Some of the earliest and best criticism of Poems on Various Subjects came from Charles Lamb in a string of letters to Coleridge, praising his Religious Musings as "the noblest poem in the language, next after the Paradise lost", urging him to "cultivate simplicity", and employing exemplary tact whenever he found fault. The book was widely reviewed, on the whole favourably, reviewers praising the author's imaginative powers, accomplished poetic diction, and alternately lofty and tender sentiment. Such adverse criticism as came was directed at shortcomings Coleridge himself had privately acknowledged as "much effeminacy of sentiment, much faulty glitter of expression", and also at metrical faults. The British Critic wished that his sentiment and expression had been "chastened by experience of mankind, or habitude of writing". The Critical Review believed that time would correct Coleridge's faults, and found Lamb's poems "very beautiful". The Monthly Review, Coleridge said, had "cataracted panegyric on my poems". Its critic, John Aikin, wrote that "the manner of an original thinker is predominant; and as he has not borrowed the ideas, so he has not fashioned himself to the polish and correctness of modern verse. Such a writer...will always be, what so few proportionally are, an interesting object to the genuine lover of poetry." The 1797 edition was more sparsely reviewed, but it was noted that Coleridge had purged his poems of many of their over-ornate expressions, and the Critical Review praised the "Reflections on Having Left a Place of Retirement" and the sonnet on the River Otter. The Monthly Visitor wrote that Coleridge's "defects..are the defects of genius and intelligence", that Lloyd's poems showed "much simplicity, sweetness, and promise", and that Lamb's contributions were "strong and harmonious", entitling him to much praise. The 1803 edition was given a short but respectful notice by the Poetical Register, while the Annual Review thought that its contents "afford examples of the best and worst manner of this striking and peculiar writer".
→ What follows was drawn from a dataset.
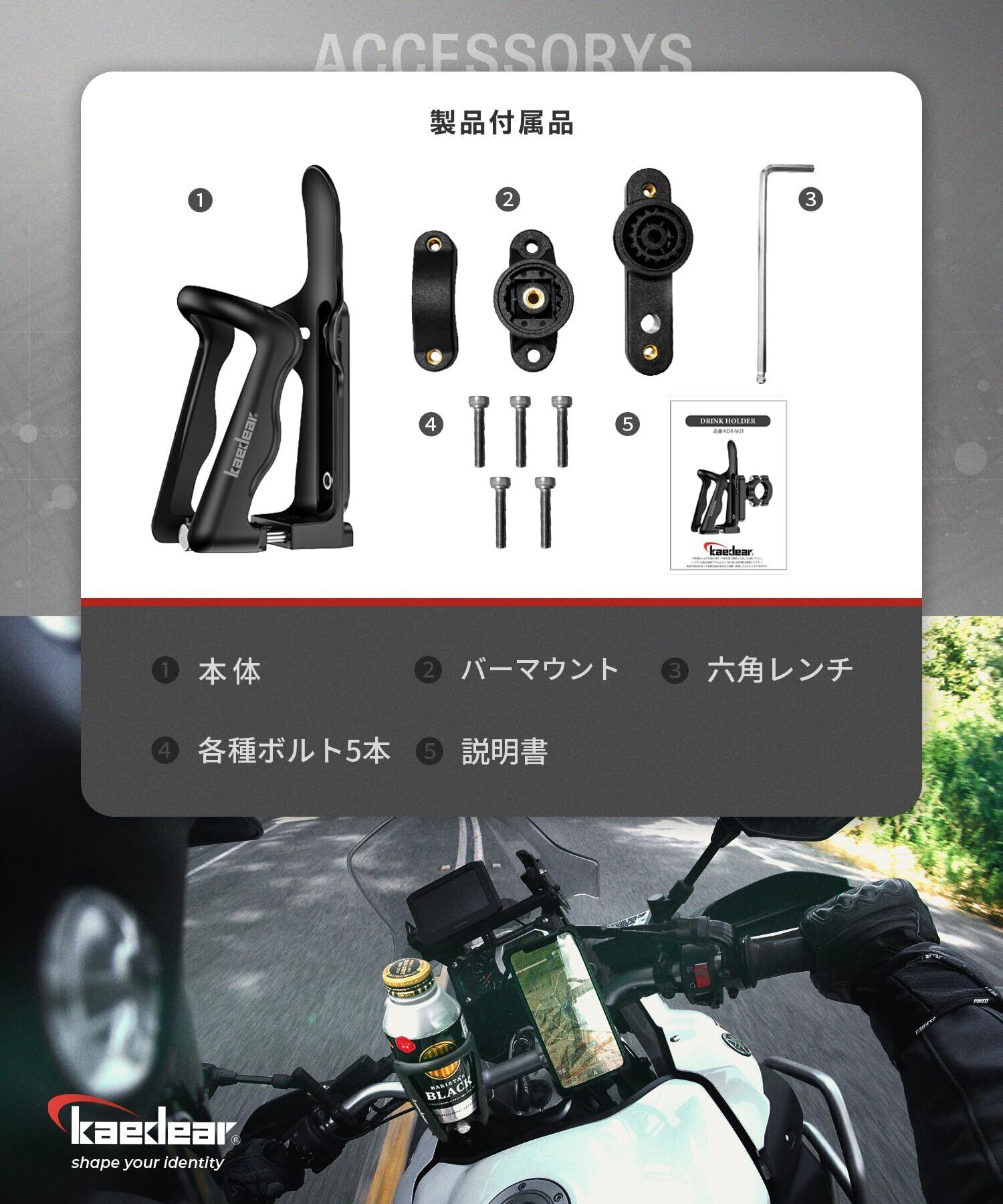 【商品仕様】■ホルダーサイズ:縦163mm、奥行き117mm、ボトル直径50mm~70mm前後■素材GF+PA66■重量:162g ■セット内容:本体、バーマウント(20-35mm)、取り付け工具(六角レンチ) ■ブランド:Kaedear(カエディア)

Coleridge told his friend John Thelwall in 1796, "I build all my poetic pretensions on the Religious Musings"; Thelwall on the other hand found that its religious passages were "the very acme of...rant", and the whole poem was "infected with inflation & turgidity". Many modern critics find themselves between these two viewpoints, Richard Holmes writing that it adds "weight in every sense" to Poems on Various Subjects and that it belies that collection's true originality. It is such lyrics and conversation poems as "The Eolian Harp" and "Lines Written at Shurton Bars" that are seen as prefiguring the great works of Coleridge's maturity. Lawrence Hanson, for example, wrote that these "are saved by their spontaneity and lightness from the confusion of overmuch thought. They contain hints of the sensuous mysticism, the delicate precision of imagery, in which Coleridge was to excel." Some critics have voiced their surprise at Coleridge's inclusion policy, pointing out that "To the River Otter" and "Reflections on Having Left a Place of Retirement" do not appear in the 1796 edition; likewise that the 1803 edition leaves out Kubla Khan, Christabel, This Lime-Tree Bower My Prison, Frost at Midnight, Fears in Solitude, France: An Ode, and Dejection: An Ode, all of which had at that date appeared only in pamphlets or newspapers.